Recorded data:
_ _ _ _ _ _ _
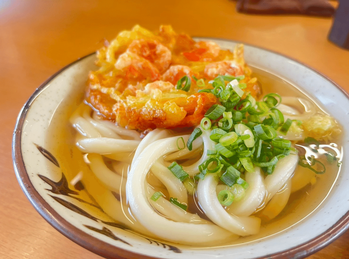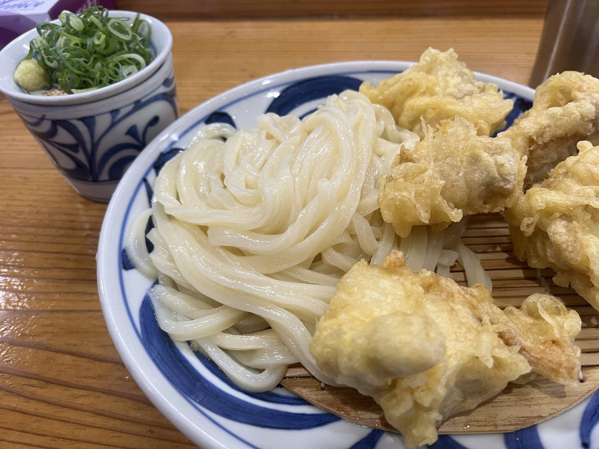 つるシコの麺とかしわ天、イカ天が最高。AIが提案した通り、朝一番で訪問したことで行列を避けることができました。
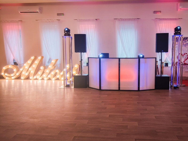- imponujące oświetlenie - ruchome głowy, wytwornice dymu (w tym ciężki dym na pierwszy taniec!), banki mydlane, napis LOVE, fontanny iskier i zdalnie sterowane, dekoracyjne oświetlenie LED sali – stworzę magiczną atmosferę,
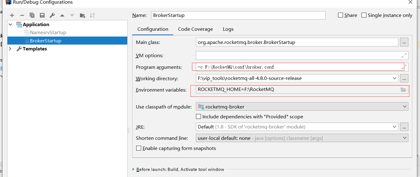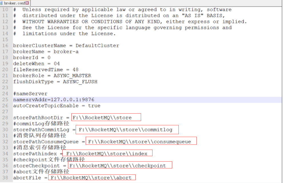 源码启动前需要修改配置文件broker.conf (修改RocketMQ的消息存储路径)
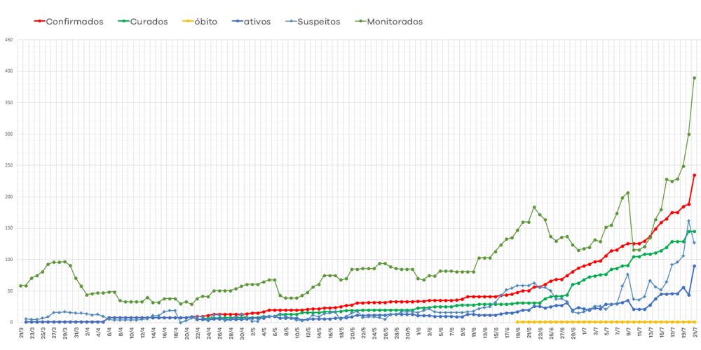 Içara teve 46 casos de covid-19 confirmados nesta terça-feira, 21 de julho. O número deste único dia é equivalente a somatória dos casos registrados ao longo dos sete dias anteriores. O boletim epidemiológico mais atual do Município indica que a cidade atingiu 235 casos confirmados, dos quais, 145 estão curados. Entre os 90 içarenses com a covid-19 ativa, 78 estão em tratamento domiciliar, oito em tratamento hospitalar e quatro em terapia intensiva. A cidade soma ainda 127 casos suspeitos e 390 monitorados, além de um óbito.
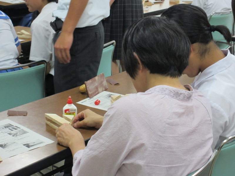 ふだんのこぎりを使うことなどあまりない中学生のみなさん…苦戦した人もいたようでしたが、立派に完成させることができました!
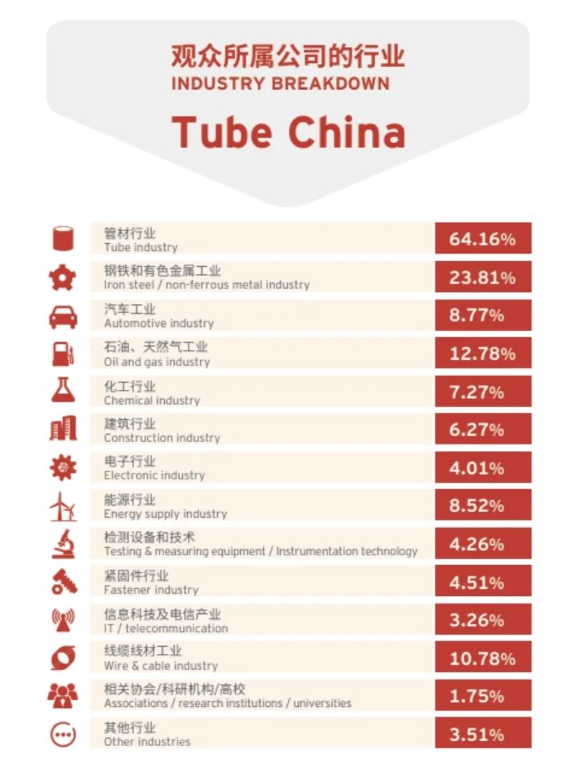 历经20年的积淀,Tube China不仅成为了亚洲领先的管材、管道行业展览会,也是行业的先驱者。主办方杜塞尔多夫展览(上海)有限公司和中国国际贸易促进委员会冶金行业分会将发挥各自优势,推进管材制造技术创新、节能环保、绿色化和智能化转型,提供全新升级的贸易交流平台,聚焦行业热点,以专业的视角呈现行业最新的产品、可交易技术及解决方案。
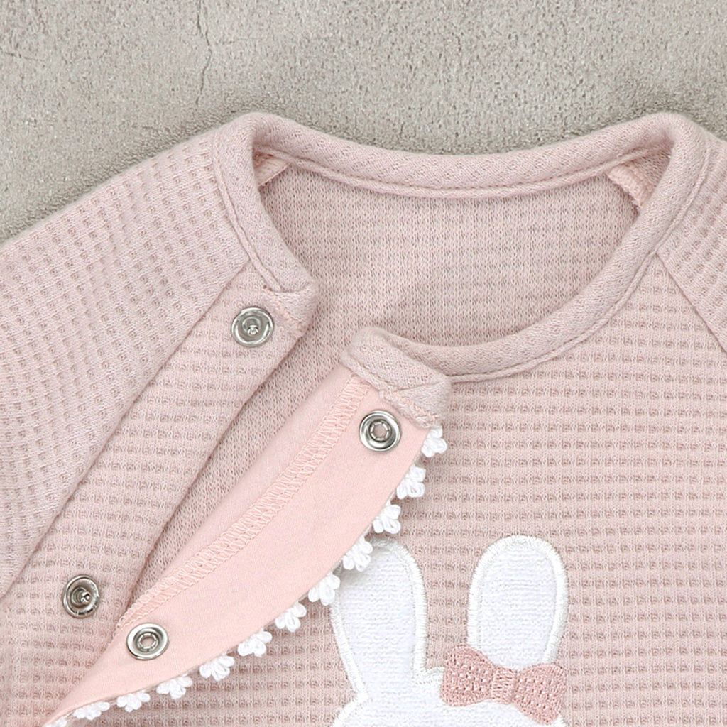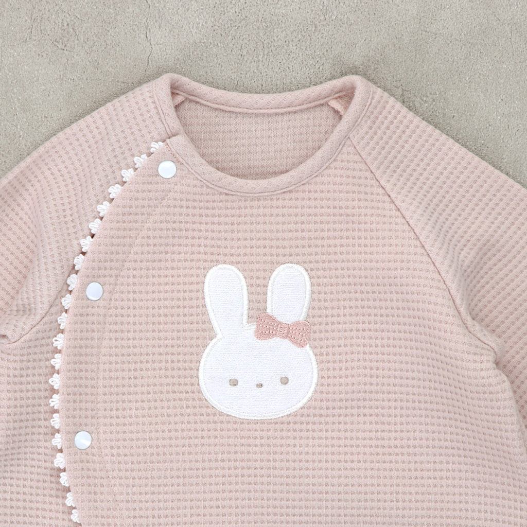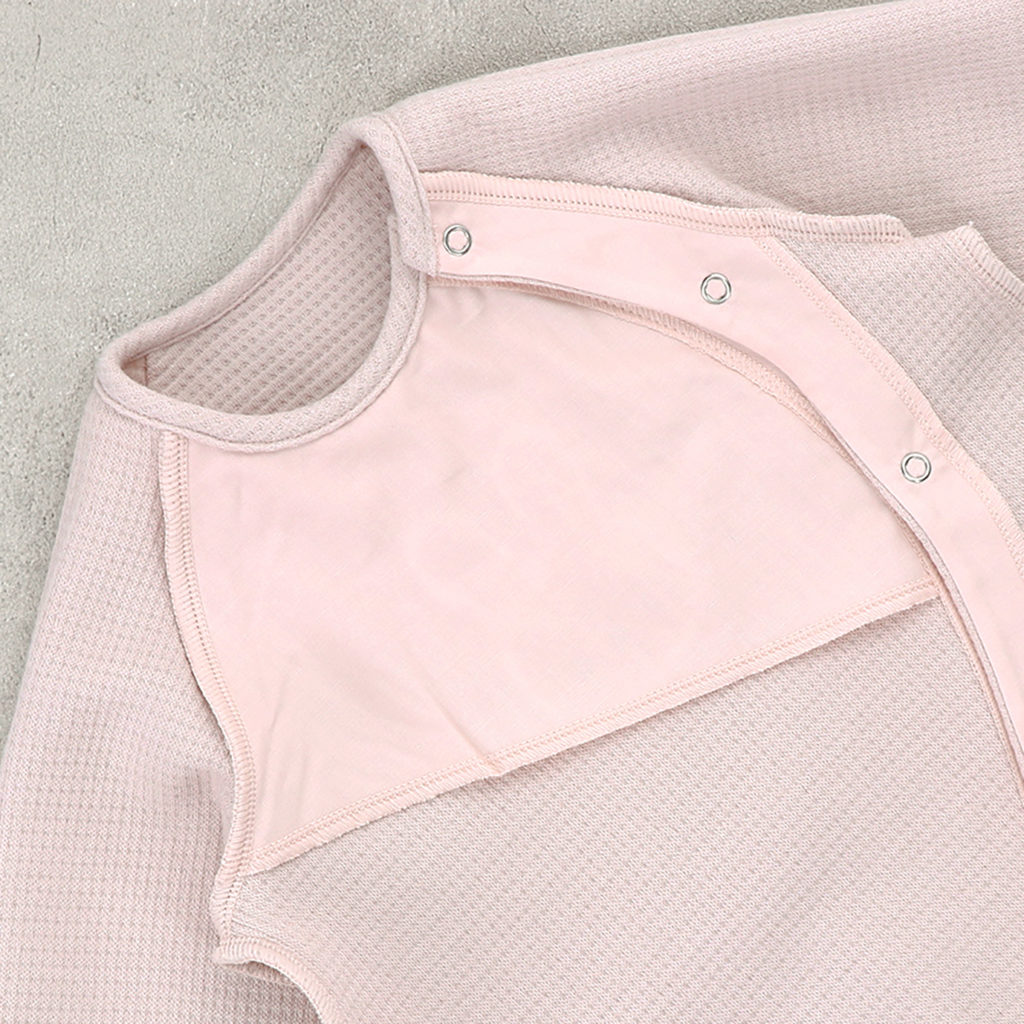 ポコポコした素材感がかわいいワッフルニット。やわらかなコットン素材は肌への刺激が少なく、 赤ちゃんのデリケートな肌にもやさしい素材。秋から春先まで活躍します。 生まれてすぐはすっぽり足を包むドレスタイプ。 足がばたばたできるようになったらボタンを留め替えてカバーオールタイプにもなるツーウェイ仕様です。
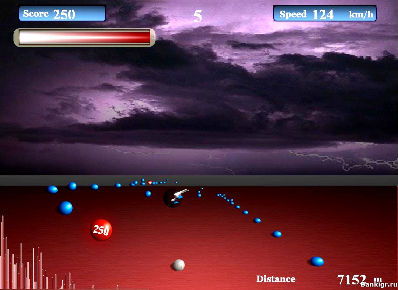 В этой игре вместо машины вам дадут управлять шаром. Во время вашего путешествия по трассе будут встречаться красные бонусы и молнии.
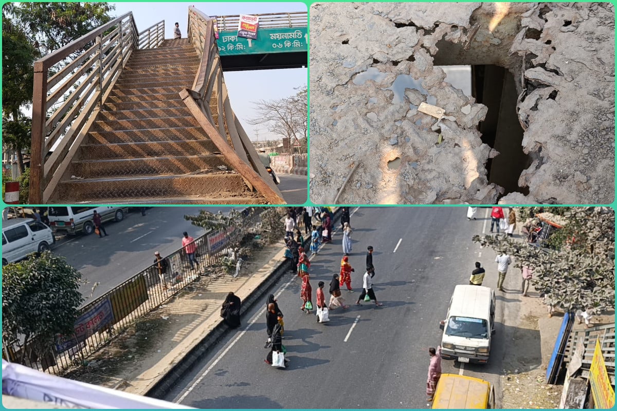ঢাকা–চট্টগ্রাম মহাসড়কের কুমিল্লা অংশে একাধিক ফুটওভার ব্রিজ জরাজীর্ণ হয়ে পড়ায় ঝুঁকি নিয়ে চলাচল করছেন পথচারীরা। ব্রিজের লোহার পাত ছিদ্র হয়ে যাওয়ায় অনেকের পা আটকে দুর্ঘটনার শিকার হচ্ছেন। ব্রিজ ব্যবহার করতে অনেকে অনীহা দেখানোয় মহাসড়ক দিয়ে সরাসরি পারাপার বাড়ছে, ফলে দুর্ঘটনার ঝুঁকিও বেড়েছে।
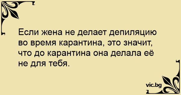 Если жена не делает депиляцию во время карантина, это значит, что до карантина она делала её не для тебя.
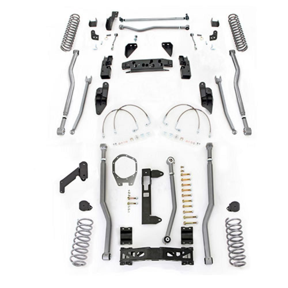 The Latest Addition To The Rubicon Express JK Suspension Offering Is Our Complete 4-Link Front/Rear 3-Link Extreme-Duty Long Arm System. These High Performance Suspension Systems Deliver Both Performance And Control That Are Unmatched By Any Other Long Arm Kit On The Market. They Feature Adjustable Chromoly Upper And Lower Control Arms That Will Stand Up To Anything You Can Drive Over. With Pt-Meg Super-Ride Bushings And Super-Flex Joints They Are Sure To Provide Superior Handing While Not Limiting Articulation. The Kits Full Width Heavy-Duty Transmission Crossmember Allows For More Durability And Frame Rigidity Then The Competition. This Also Allows For Installation That Is Much Easier That Competitors Kits Eliminating The Need For Welding. An Optional Robust Belly Pan, And CNC Machine Steering Knuckle Provide Outstanding Upgrades. Systems Can Be Ordered In 3.5", 4.5" And 5.5" Lift Heights With Optional High Performance Monotube Shocks. Like All Rubicon Express Systems, They Are Made In The Usa And Backed By The Rubicon Express Advantage Lifetime Warranty.
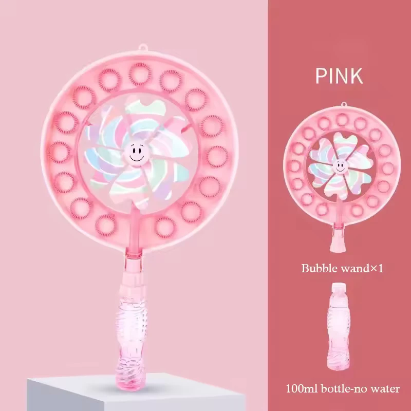 Incluye: 1 varita burbujero con molino del viento, 1 recipiente para el líquido jabonoso. Las instrucciones de uso se encuentran en el empaque del producto.
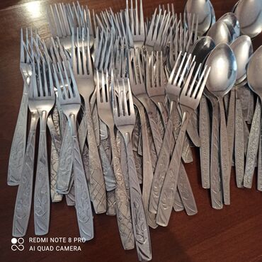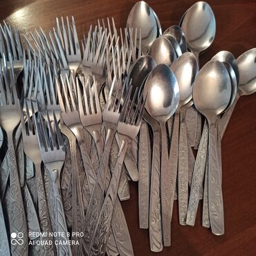 Almaniyadan alınıb.Brend mağazadan.Təmiz polad.1qutuda 1çay qaşığı q xörək qaşığı 1 çəngəl 1 bıcaq var.Arxa tərəfində zavodun möhürü var.30 avroya alınıb
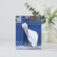 A pelican in Mykonos, Greece entering a store. This pelican has learned to block the door to the shops until he is bribed with food.
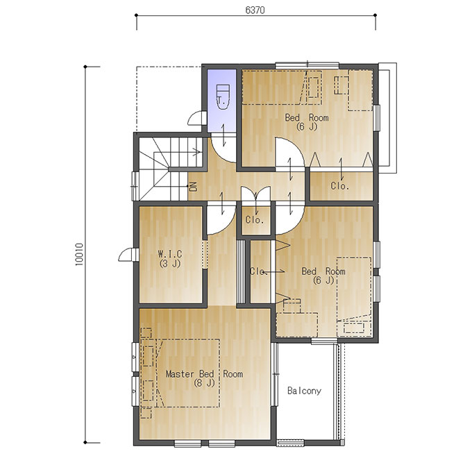 8帖の主寝室は、ドアから3帖のウォークインクロゼット前を通る通路の先に配置しています。主寝室のドアを開けっぱなしにして就寝しても、廊下から寝姿が見られない設計です。
_ _ _ _ _ _ _
- _What needs to be done_
Copy the data word for word, no pictures.

- _Answer to the problem_
 つるシコの麺とかしわ天、イカ天が最高。AIが提案した通り、朝一番で訪問したことで行列を避けることができました。
- imponujące oświetlenie - ruchome głowy, wytwornice dymu (w tym ciężki dym na pierwszy taniec!), banki mydlane, napis LOVE, fontanny iskier i zdalnie sterowane, dekoracyjne oświetlenie LED sali – stworzę magiczną atmosferę,
 源码启动前需要修改配置文件broker.conf (修改RocketMQ的消息存储路径)
 Içara teve 46 casos de covid-19 confirmados nesta terça-feira, 21 de julho. O número deste único dia é equivalente a somatória dos casos registrados ao longo dos sete dias anteriores. O boletim epidemiológico mais atual do Município indica que a cidade atingiu 235 casos confirmados, dos quais, 145 estão curados. Entre os 90 içarenses com a covid-19 ativa, 78 estão em tratamento domiciliar, oito em tratamento hospitalar e quatro em terapia intensiva. A cidade soma ainda 127 casos suspeitos e 390 monitorados, além de um óbito.
 ふだんのこぎりを使うことなどあまりない中学生のみなさん…苦戦した人もいたようでしたが、立派に完成させることができました!
 历经20年的积淀,Tube China不仅成为了亚洲领先的管材、管道行业展览会,也是行业的先驱者。主办方杜塞尔多夫展览(上海)有限公司和中国国际贸易促进委员会冶金行业分会将发挥各自优势,推进管材制造技术创新、节能环保、绿色化和智能化转型,提供全新升级的贸易交流平台,聚焦行业热点,以专业的视角呈现行业最新的产品、可交易技术及解决方案。
 ポコポコした素材感がかわいいワッフルニット。やわらかなコットン素材は肌への刺激が少なく、 赤ちゃんのデリケートな肌にもやさしい素材。秋から春先まで活躍します。 生まれてすぐはすっぽり足を包むドレスタイプ。 足がばたばたできるようになったらボタンを留め替えてカバーオールタイプにもなるツーウェイ仕様です。
 В этой игре вместо машины вам дадут управлять шаром. Во время вашего путешествия по трассе будут встречаться красные бонусы и молнии.
ঢাকা–চট্টগ্রাম মহাসড়কের কুমিল্লা অংশে একাধিক ফুটওভার ব্রিজ জরাজীর্ণ হয়ে পড়ায় ঝুঁকি নিয়ে চলাচল করছেন পথচারীরা। ব্রিজের লোহার পাত ছিদ্র হয়ে যাওয়ায় অনেকের পা আটকে দুর্ঘটনার শিকার হচ্ছেন। ব্রিজ ব্যবহার করতে অনেকে অনীহা দেখানোয় মহাসড়ক দিয়ে সরাসরি পারাপার বাড়ছে, ফলে দুর্ঘটনার ঝুঁকিও বেড়েছে।
 Если жена не делает депиляцию во время карантина, это значит, что до карантина она делала её не для тебя.
 The Latest Addition To The Rubicon Express JK Suspension Offering Is Our Complete 4-Link Front/Rear 3-Link Extreme-Duty Long Arm System. These High Performance Suspension Systems Deliver Both Performance And Control That Are Unmatched By Any Other Long Arm Kit On The Market. They Feature Adjustable Chromoly Upper And Lower Control Arms That Will Stand Up To Anything You Can Drive Over. With Pt-Meg Super-Ride Bushings And Super-Flex Joints They Are Sure To Provide Superior Handing While Not Limiting Articulation. The Kits Full Width Heavy-Duty Transmission Crossmember Allows For More Durability And Frame Rigidity Then The Competition. This Also Allows For Installation That Is Much Easier That Competitors Kits Eliminating The Need For Welding. An Optional Robust Belly Pan, And CNC Machine Steering Knuckle Provide Outstanding Upgrades. Systems Can Be Ordered In 3.5", 4.5" And 5.5" Lift Heights With Optional High Performance Monotube Shocks. Like All Rubicon Express Systems, They Are Made In The Usa And Backed By The Rubicon Express Advantage Lifetime Warranty.
 Incluye: 1 varita burbujero con molino del viento, 1 recipiente para el líquido jabonoso. Las instrucciones de uso se encuentran en el empaque del producto.
 Almaniyadan alınıb.Brend mağazadan.Təmiz polad.1qutuda 1çay qaşığı q xörək qaşığı 1 çəngəl 1 bıcaq var.Arxa tərəfində zavodun möhürü var.30 avroya alınıb
 A pelican in Mykonos, Greece entering a store. This pelican has learned to block the door to the shops until he is bribed with food.
 8帖の主寝室は、ドアから3帖のウォークインクロゼット前を通る通路の先に配置しています。主寝室のドアを開けっぱなしにして就寝しても、廊下から寝姿が見られない設計です。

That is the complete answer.